Data excerpt ▸

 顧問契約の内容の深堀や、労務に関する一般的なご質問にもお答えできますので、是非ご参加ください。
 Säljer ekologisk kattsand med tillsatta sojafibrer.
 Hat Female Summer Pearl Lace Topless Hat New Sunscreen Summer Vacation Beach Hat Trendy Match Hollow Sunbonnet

What the exercise asks ▸ The material above is to be transcribed in full, exactly as it stands.

Written response ▸
 顧問契約の内容の深堀や、労務に関する一般的なご質問にもお答えできますので、是非ご参加ください。
 Säljer ekologisk kattsand med tillsatta sojafibrer.
 Hat Female Summer Pearl Lace Topless Hat New Sunscreen Summer Vacation Beach Hat Trendy Match Hollow Sunbonnet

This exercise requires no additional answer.